Rosana B R Ferreira, Navkiran Gill, Benjamin P Willing, L Caetano M Antunes, Shannon L Russell, Matthew A Croxen, B Brett Finlay
PloS One 2011, 6 (5): e20338
21633507
The intestinal microbiota is composed of hundreds of species of bacteria, fungi and protozoa and is critical for numerous biological processes, such as nutrient acquisition, vitamin production, and colonization resistance against bacterial pathogens. We studied the role of the intestinal microbiota on host resistance to Salmonella enterica serovar Typhimurium-induced colitis.
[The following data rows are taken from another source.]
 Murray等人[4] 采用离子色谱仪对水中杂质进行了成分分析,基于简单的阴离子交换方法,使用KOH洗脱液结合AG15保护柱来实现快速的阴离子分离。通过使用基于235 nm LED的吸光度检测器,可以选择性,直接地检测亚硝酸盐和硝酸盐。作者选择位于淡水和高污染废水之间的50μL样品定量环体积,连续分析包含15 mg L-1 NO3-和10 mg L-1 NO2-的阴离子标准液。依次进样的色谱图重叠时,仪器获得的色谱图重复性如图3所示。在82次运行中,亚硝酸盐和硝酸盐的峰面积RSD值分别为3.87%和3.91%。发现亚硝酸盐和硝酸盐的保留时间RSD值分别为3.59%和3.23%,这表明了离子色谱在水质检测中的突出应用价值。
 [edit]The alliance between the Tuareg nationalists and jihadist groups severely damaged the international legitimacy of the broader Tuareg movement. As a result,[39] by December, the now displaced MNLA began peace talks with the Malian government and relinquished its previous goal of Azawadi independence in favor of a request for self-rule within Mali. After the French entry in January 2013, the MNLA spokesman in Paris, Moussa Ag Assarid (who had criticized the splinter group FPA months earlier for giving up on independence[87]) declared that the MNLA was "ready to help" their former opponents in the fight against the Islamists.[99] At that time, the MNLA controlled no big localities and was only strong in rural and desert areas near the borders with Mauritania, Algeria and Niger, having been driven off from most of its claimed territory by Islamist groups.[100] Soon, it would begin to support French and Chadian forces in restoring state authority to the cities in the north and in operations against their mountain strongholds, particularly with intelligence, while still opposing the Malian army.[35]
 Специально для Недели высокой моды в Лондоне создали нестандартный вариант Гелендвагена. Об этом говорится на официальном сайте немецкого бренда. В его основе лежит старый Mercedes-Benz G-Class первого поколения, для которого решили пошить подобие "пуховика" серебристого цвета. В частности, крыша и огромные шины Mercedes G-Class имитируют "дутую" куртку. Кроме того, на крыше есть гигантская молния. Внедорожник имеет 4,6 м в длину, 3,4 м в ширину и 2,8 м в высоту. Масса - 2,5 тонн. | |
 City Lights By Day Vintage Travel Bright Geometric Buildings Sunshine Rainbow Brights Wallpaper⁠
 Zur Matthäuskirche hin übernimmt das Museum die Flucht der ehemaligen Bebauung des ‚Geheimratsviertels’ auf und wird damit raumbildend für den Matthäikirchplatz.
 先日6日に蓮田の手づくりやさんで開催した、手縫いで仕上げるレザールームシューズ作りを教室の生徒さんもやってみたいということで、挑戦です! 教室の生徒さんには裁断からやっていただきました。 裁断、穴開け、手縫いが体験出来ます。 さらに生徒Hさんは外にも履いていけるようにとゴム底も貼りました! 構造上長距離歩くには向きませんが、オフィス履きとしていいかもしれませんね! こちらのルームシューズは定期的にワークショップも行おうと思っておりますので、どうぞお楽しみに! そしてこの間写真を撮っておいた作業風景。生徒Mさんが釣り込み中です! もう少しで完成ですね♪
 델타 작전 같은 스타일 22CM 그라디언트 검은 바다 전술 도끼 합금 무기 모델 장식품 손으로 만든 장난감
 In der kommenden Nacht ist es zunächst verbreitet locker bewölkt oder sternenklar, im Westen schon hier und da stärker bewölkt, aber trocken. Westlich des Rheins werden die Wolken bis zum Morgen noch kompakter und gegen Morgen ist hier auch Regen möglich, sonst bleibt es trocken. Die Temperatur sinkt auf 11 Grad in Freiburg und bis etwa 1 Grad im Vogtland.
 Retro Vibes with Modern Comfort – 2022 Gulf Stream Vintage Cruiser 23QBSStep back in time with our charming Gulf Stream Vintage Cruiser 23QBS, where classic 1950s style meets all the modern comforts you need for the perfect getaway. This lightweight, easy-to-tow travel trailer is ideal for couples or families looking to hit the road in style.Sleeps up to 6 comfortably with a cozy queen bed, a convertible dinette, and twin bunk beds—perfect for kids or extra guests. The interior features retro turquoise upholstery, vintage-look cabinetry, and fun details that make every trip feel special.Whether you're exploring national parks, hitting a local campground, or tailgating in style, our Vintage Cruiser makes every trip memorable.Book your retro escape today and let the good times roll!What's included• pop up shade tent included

Using multiple antibiotic treatments in 129S1/SvImJ mice, we showed that disruption of the intestinal microbiota alters host susceptibility to infection. Although all antibiotic treatments caused similar increases in pathogen colonization, the development of enterocolitis was seen only when streptomycin or vancomycin was used; no significant pathology was observed with the use of metronidazole. Interestingly, metronidazole-treated and infected C57BL/6 mice developed severe pathology. We hypothesized that the intestinal microbiota confers resistance to infectious colitis without affecting the ability of S. Typhimurium to colonize the intestine. Indeed, different antibiotic treatments caused distinct shifts in the intestinal microbiota prior to infection. Through fluorescence in situ hybridization, terminal restriction fragment length polymorphism, and real-time PCR, we showed that there is a strong correlation between the intestinal microbiota composition before infection and susceptibility to Salmonella-induced colitis. Members of the Bacteroidetes phylum were present at significantly higher levels in mice resistant to colitis. Further analysis revealed that Porphyromonadaceae levels were also increased in these mice. Conversely, there was a positive correlation between the abundance of Lactobacillus sp. and predisposition to colitis. Our data suggests that different members of the microbiota might be associated with S. Typhimurium colonization and colitis. Dissecting the mechanisms involved in resistance to infection and inflammation will be critical for the development of therapeutic and preventative measures against enteric pathogens.